Eggs are always cheap

Iceland also do frozen tuna steaks and plaice and haddock, normally about £4 or £5 a bag. I recon a back of frozen chicken and a bag of fish would do you, along with some eggs and milk.

Thats all protein,

You can get a big bag of frozen Brocli or/and caulli for 99p also frozen mixed veg for about same price.

Potatos, sweet potatos, and seasonal fruit from the markets cheap.

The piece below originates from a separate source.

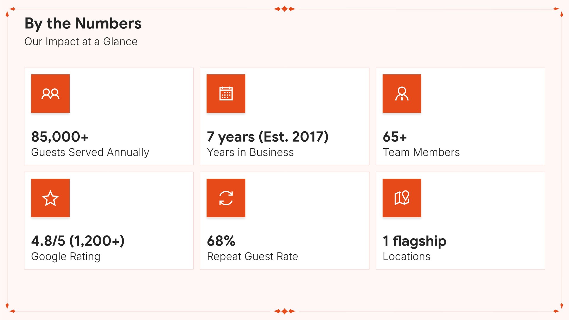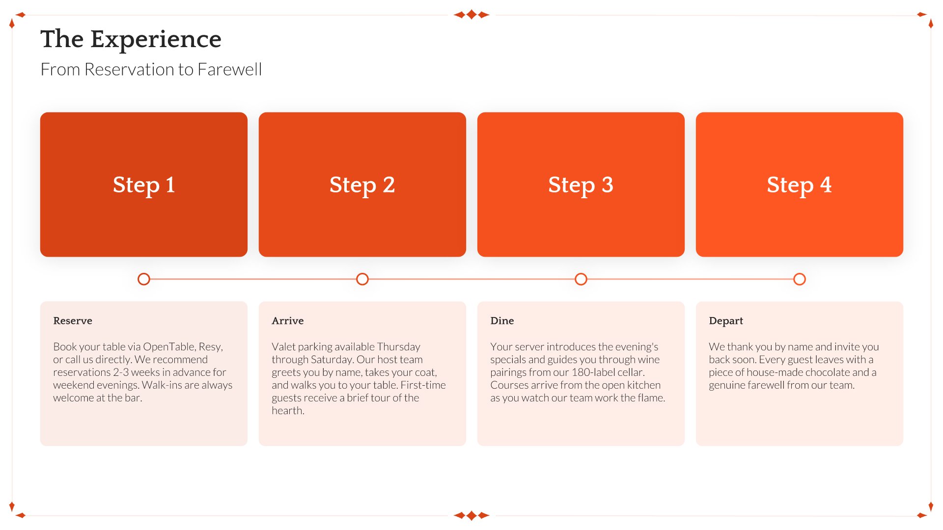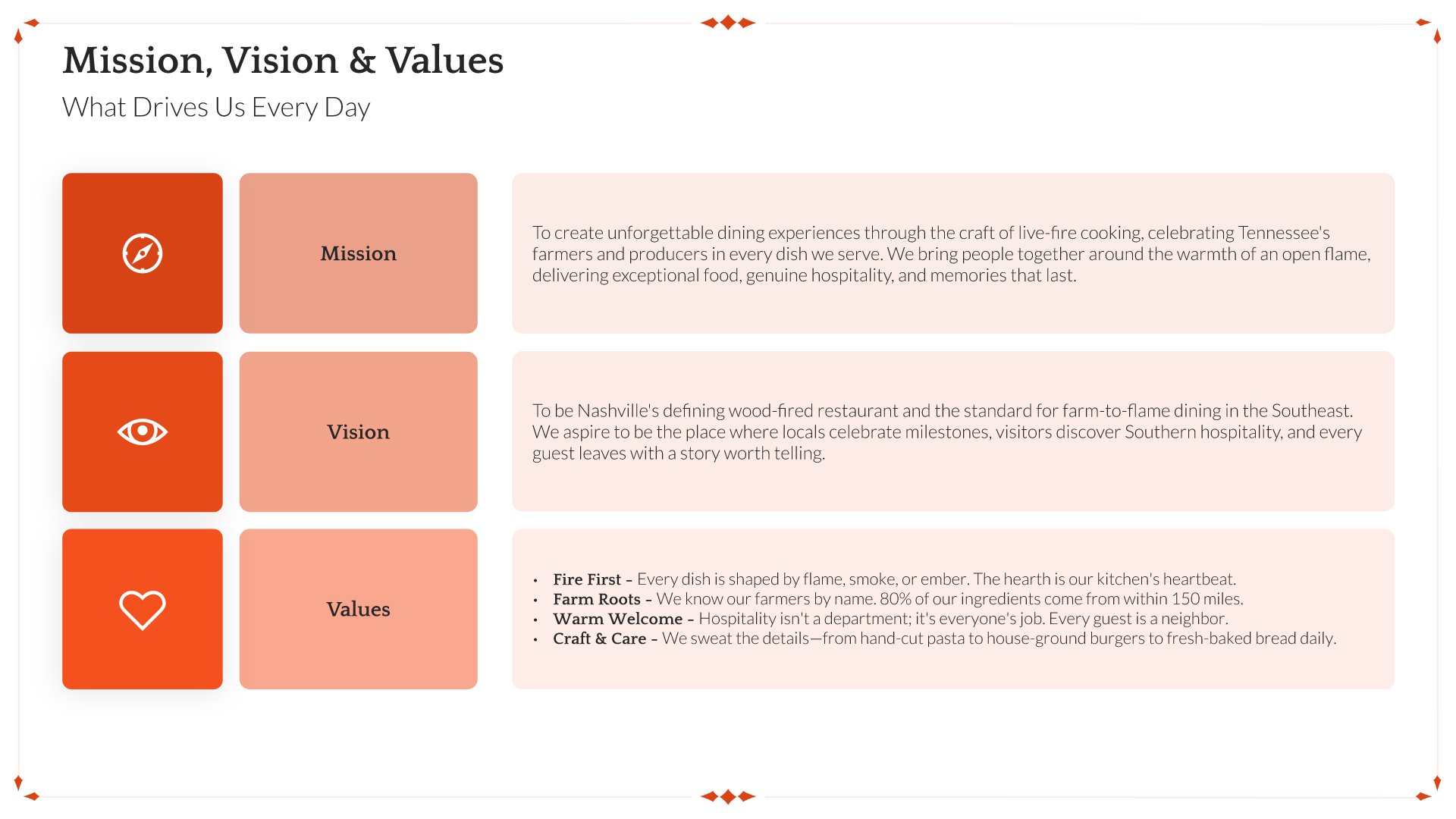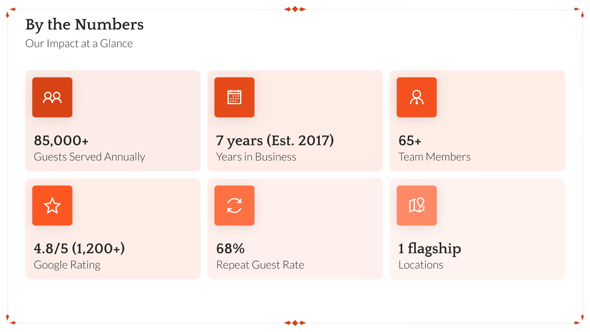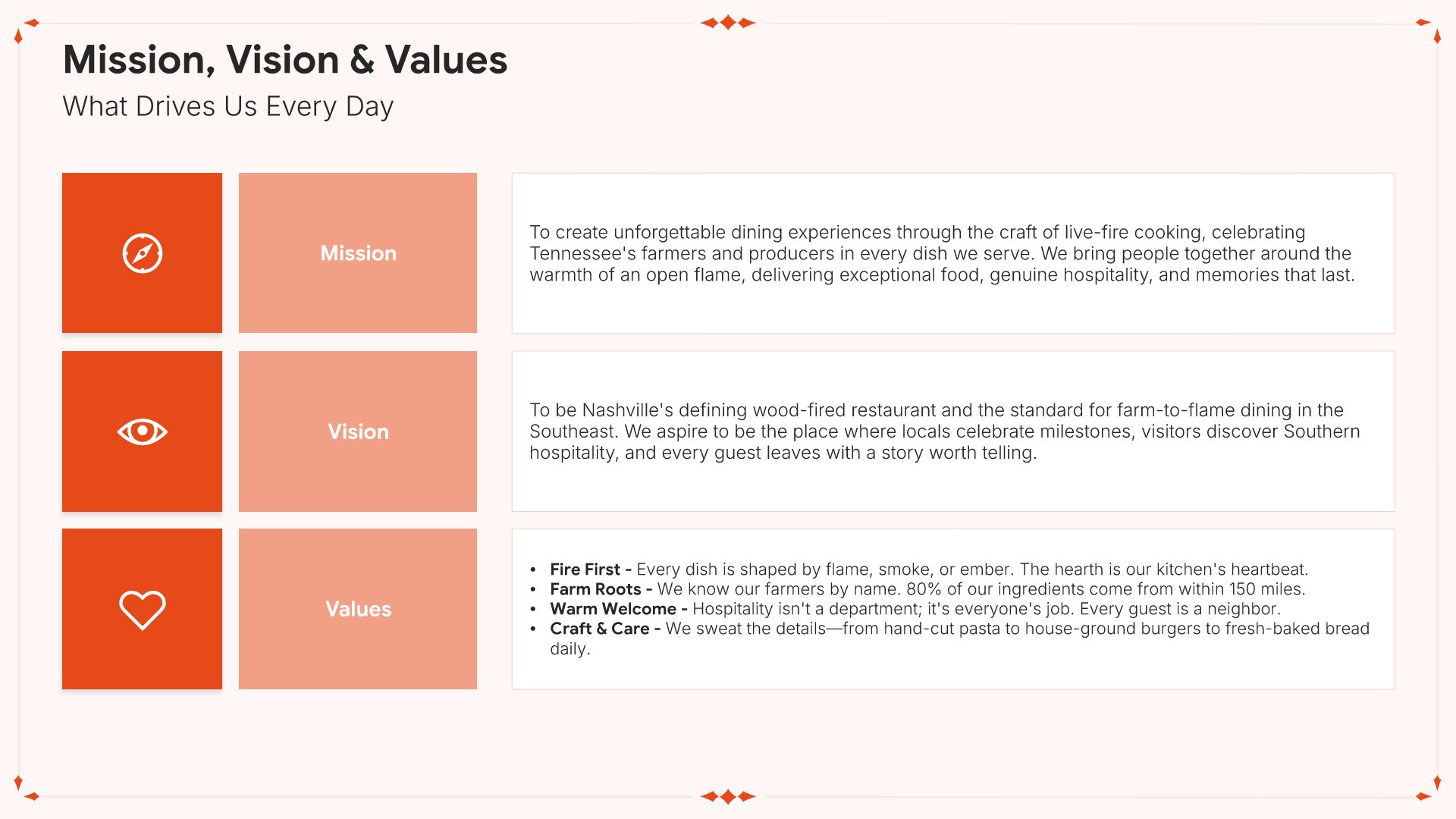 A professionally structured restaurant company profile template following the Universal Company Profile framework, the industry-standard structure for business introductions. Built for restaurants showcasing their concept to investors, partners, and clients. Covers story, journey, cuisine, dining experience, team, guest reviews, and recognition.

Rice is cheap most places.

How much you got to spend per week?


----------



## AussieMarc (Jun 13, 2004)

over here my dad walked in with a full buttock of a cow for 20 bucks.. 8kgs of quality protein right there! that should last about a week

but this is in aus of course. you guys have the same sort of deal? buy x amount and get a massive discount?


----------



## leeston (May 30, 2006)

AussieMarc said:


> over here my dad walked in with a full buttock of a cow for 20 bucks.. 8kgs of quality protein right there! that should last about a week
> 
> but this is in aus of course. you guys have the same sort of deal? buy x amount and get a massive discount?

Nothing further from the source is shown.